Section 4.2. AUTHORITY; NO CONFLICT; REQUIRED FILINGS AND CONSENTS.
(a) Xxxxxx'x and Merger Sub have all requisite corporate power and
authority to enter into this Agreement and the Stockholder Support Agreements
to which each is a party and to consummate the transactions contemplated by
this Agreement and the Stockholder Support Agreements. The execution and
delivery of this Agreement and the Stockholder Support Agreements and the
consummation of the transactions contemplated by this Agreement and the
Stockholder Support Agreements by Xxxxxx'x and Merger Sub have been duly
authorized by all necessary corporate action on the part of Xxxxxx'x and Merger
Sub.

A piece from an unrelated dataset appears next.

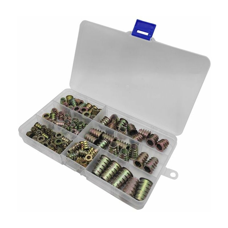Colore: 120 pezzi Il dado inserto filettato flangia esagonale ad alta precisione fornisce una presa filettata per parti in legno, simile a un geco.< br/>I dadi inserto filettato in legno sono avvitati nei fori preforati. In questo caso, le sporgenze esterne morderanno il legno per evitare che i dadi si girino o tirino, il che è molto adatto per 39;

This Agreement and the Stockholder Support Agreements have been duly
executed and delivered by Xxxxxx'x and Merger Sub (as applicable) and
constitute the valid and binding obligations of Xxxxxx'x and Merger Sub (as
applicable), enforceable against each of them in accordance with their terms.
24
(b) Other than or as disclosed in Section 4.2(b) of the Xxxxxx'x
Disclosure Schedule, the execution and delivery of this Agreement and the
Stockholder Support Agreements by Xxxxxx'x and Merger Sub (as applicable) does
not, and the consummation of the transactions contemplated by this Agreement
and the Stockholder Support Agreements will not, (i) conflict with, or result
in any violation or breach of, any provision of the Certificate of
Incorporation or Bylaws of Xxxxxx'x or the comparable charter or organizational
documents of any of its Subsidiaries, (ii) result in any violation or breach
of, or constitute (with or without notice or lapse of time, or both) a default
(or give rise to a right of termination, cancellation or acceleration of any
obligation or loss of any material benefit) under, or require a consent or
waiver under, any of the terms, conditions or provisions of any note, bond,
mortgage, indenture, lease, contract or other agreement, instrument or
obligation to which Xxxxxx'x or any of its Subsidiaries is a party or by which
any of them or any of their properties or assets may be bound, or (iii) subject
to the governmental filings and other matters referred to in Section 4.2(c),
conflict with or violate any permit, concession, franchise, license, judgment,
order, decree, statute, law, ordinance, rule or regulation applicable to
Xxxxxx'x or any of its Subsidiaries or any of its or their properties or
assets, except in the case of clauses (ii) and (iii) for any such conflicts,
violations, defaults, terminations, cancellations or accelerations which
(x) are not, individually or in the aggregate, reasonably likely to have a
Xxxxxx'x Material Adverse Effect or (y) would not impair or delay the
consummation of the Merger.
(c) No consent, approval, order or authorization of, or registration,
declaration or filing with, any Governmental Entity is required by or with
respect to Xxxxxx'x or any of its Subsidiaries in connection with the execution
and delivery of this Agreement or the consummation of the transactions
contemplated hereby or thereby, except for (i) the filing of the pre-merger
notification report under the HSR Act and any similar statute, rule or
regulation of any Foreign Jurisdiction, (ii) the filing of the Articles of
Merger with respect to the Merger with the Secretary of State of the State of
Nevada, (iii) any approvals and filing of notices required under the Xxxxxx'x
Gaming Laws (as defined in Section 4.6) or the Showboat Gaming Laws, (iv) such
consents, approvals, orders, authorizations, permits, filings, or registrations
related to, or arising out of, compliance with statutes, rules or regulations
regulating the consumption, sale or serving of alcoholic beverages, (v) such
consents, approvals, orders, authorizations, registrations, declarations and
filings as may be required under applicable state securities laws and the
securities laws of any Foreign Jurisdiction, (vii) the approvals required from
the Australian Securities Commission (with respect to compliance with the
Australian Corporations Law) and the Australian Foreign Investment Review
Board, (viii) such immaterial filings and consents as may be required under any
environmental health or safety law or regulation pertaining to any
notification, disclosure or required approval triggered by the Merger or the
transactions contemplated by this Agreement, and (ix) such other filings,
consents, approvals, orders, registrations and declarations as may be required
under the laws of any jurisdiction in which the Company or any of its
Subsidiaries conducts any business or owns any assets the failure of which to
obtain would not have a Xxxxxx'x Material Adverse Effect.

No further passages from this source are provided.